Происхождение Писемского. – Среда, в которой он провел свое детство и юность. – Детские годы. – Домашнее воспитание. – Костромская гимназия и Московский университет
Алексей Феофилактович Писемский, один из первостепенных русских писателей, принадлежит к плеяде тех беллетристов сороковых годов, которые, ведя свое происхождение от Гоголя, тем не менее пошли по совершенно самостоятельному пути и обогатили русскую литературу рядом могучих произведений, сразу поставивших ее на один уровень со всеми европейскими.
Беллетристы сороковых годов замечательны, кроме того, тем, что, образуя одну школу, они в то же время не только не теряют своей индивидуальности, но, напротив, представляют разнообразные типы, являясь совершенно самостоятельными и оригинальными художественными личностями.

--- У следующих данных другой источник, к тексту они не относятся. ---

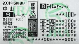 その前に有馬記念。前にも書いたように、オペラオーの本命は揺らがない。っていうか、どうひっくり返しても揺らぎようが無い。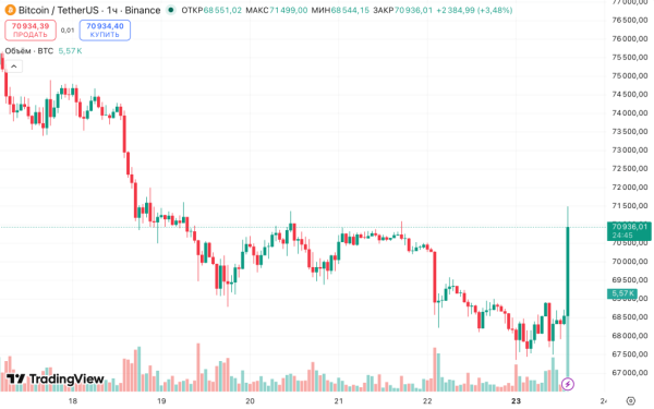 Курс первой криптовалюты подскочил на 3,4% и приблизился к отметке $71 000. Президент США Дональд Трамп объявил о приостановке ударов по Ирану на пять дней.

То же самое следует сказать и о Писемском.
Эта оригинальность каждого из беллетристов сороковых годов, кроме разных других причин и обстоятельств, наиболее определяется средой, из которой вышел тот или другой из них, так как среда всегда налагает резкую и неизгладимую печать как на характеры, так и на ход жизни исторических личностей. Принимая это во внимание, мы, прежде чем начнем излагать факты жизни Писемского, скажем несколько слов о нравах той среды, из которой он вышел, убежденные, что такая характеристика послужит нам путеводной звездой к определению многих черт Писемского как человека и писателя.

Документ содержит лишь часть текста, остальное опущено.